5) How do I tune speed vs. accuracy?

Adjust the flexible thinking budget. Use low budgets for fast, easy actions and higher budgets for delicate moves or long-horizon tasks. (See: Developers blog)

6) What safety measures are included?

Improved safety filters reduce risky actions. Pair them with robot limits (speed, torque, exclusion zones) and human-in-the-loop checks. (Policy: Responsibly advancing AI & robotics)

7) Can I prototype in simulation first?

Yes. Stream frames from a digital twin to the API, validate plans, then move to hardware. (Docs: Robotics overview)

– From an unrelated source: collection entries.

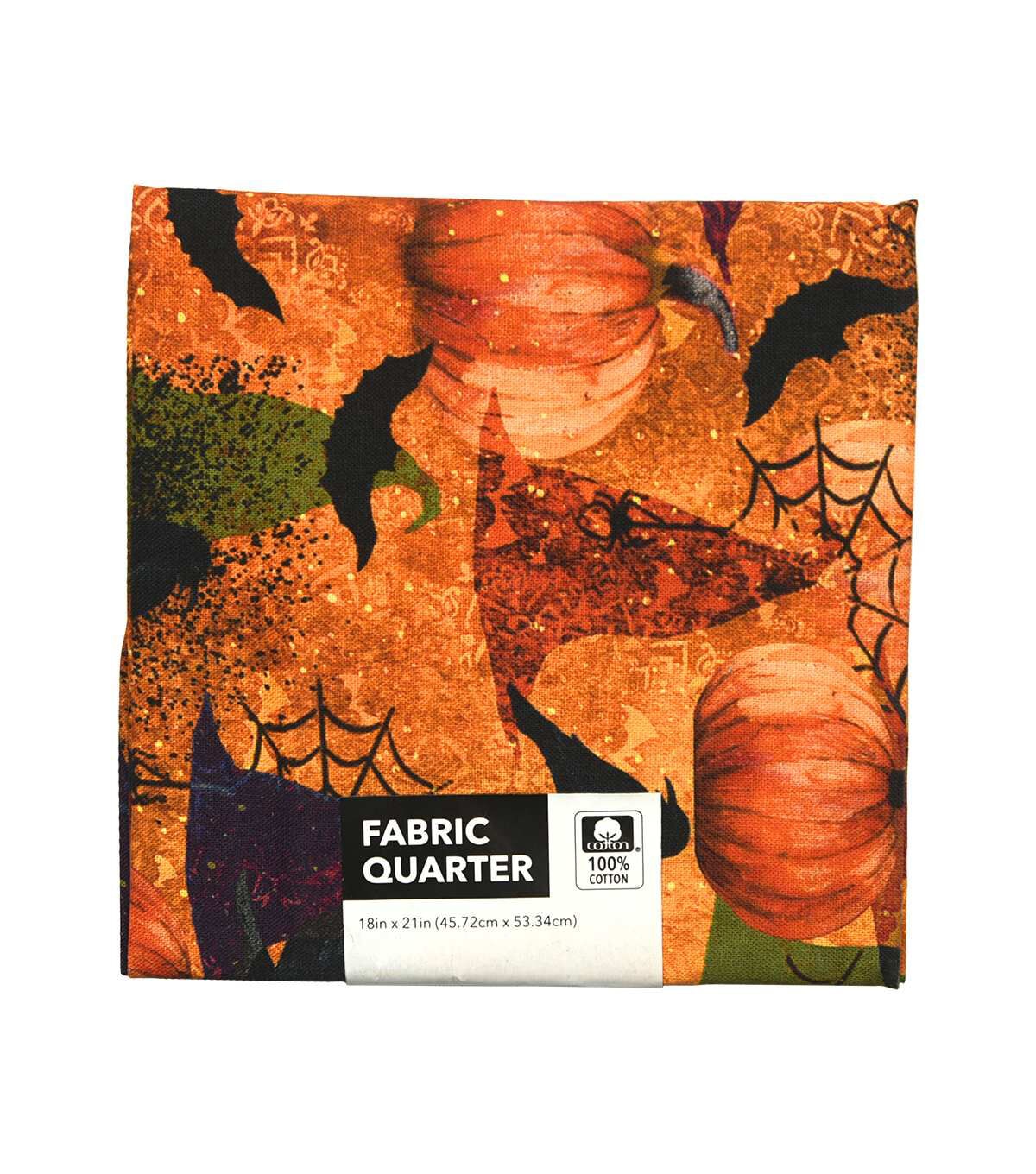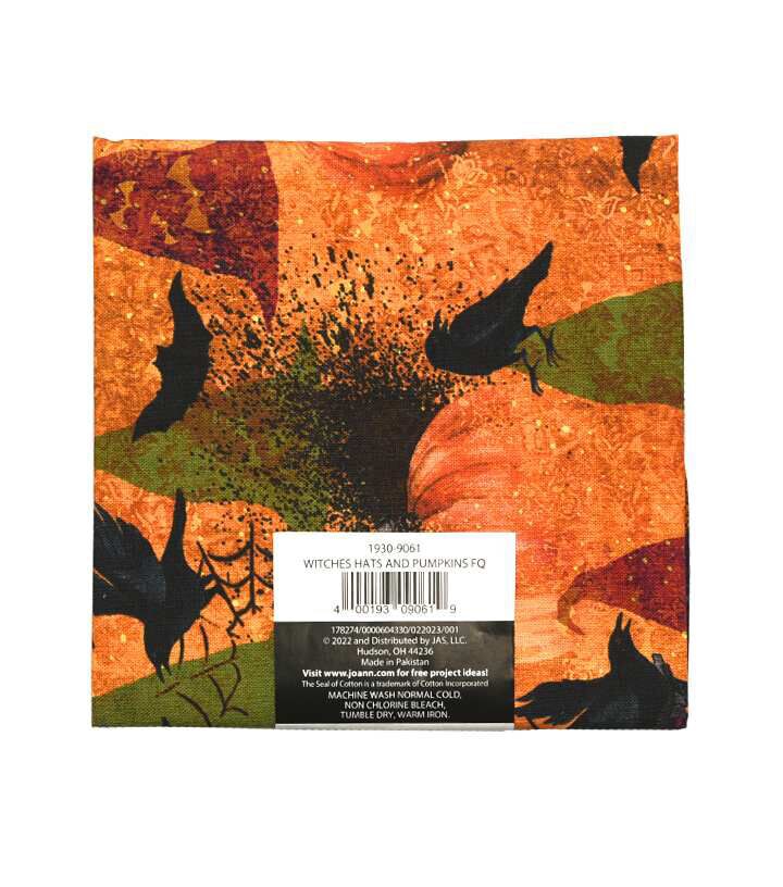 • 18" x 21" Orange Witches Hats & Pumpkins Cotton Fabric Quarter 1pc
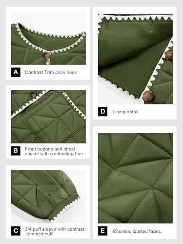 More information about Tankaneo Womens Cropped Quilted Jacket Winter Lightweight Puff 3/4 Sleeve Button Down Contrast Trim Coat
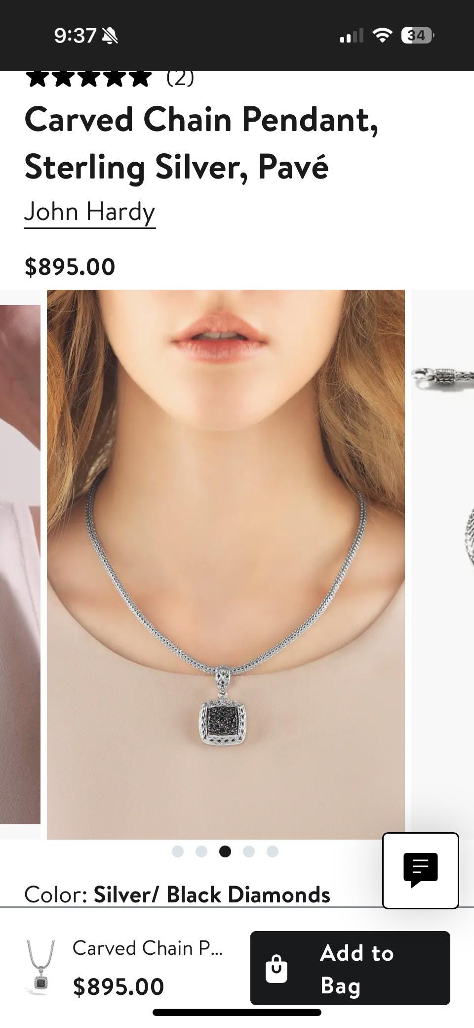 pre-owned John Hardy Carved Chain Pendant, Sterling Silver, Pavé

8) How should I measure success?

Track end-to-end success rate, sub-task success, time-to-first-action, near-misses, safety stops, and human interventions.

9) Does it replace my motion planner?

No. Think of it as the high-level brain. It labels, reasons, and proposes steps; your motion planner executes trajectories and dynamics.

10) What types of tasks benefit most?

Cluttered pick-and-place, sorting, resets, and multi-step chores where agentic behavior in robots and precise 2D points pay off.

11) How is it different from a general LLM?

It's tuned for robots: fuses vision, language, and planning; supports robot vision and labeling; provides safety-aware outputs; and integrates with robot stacks. (See: DeepMind blog)

12) What's a good first project?

A kitchen demo with 3–5 objects: label, point, pick, place. Add clutter, then add motion. Log everything. Scale to bin-picking or cleaning once metrics are stable.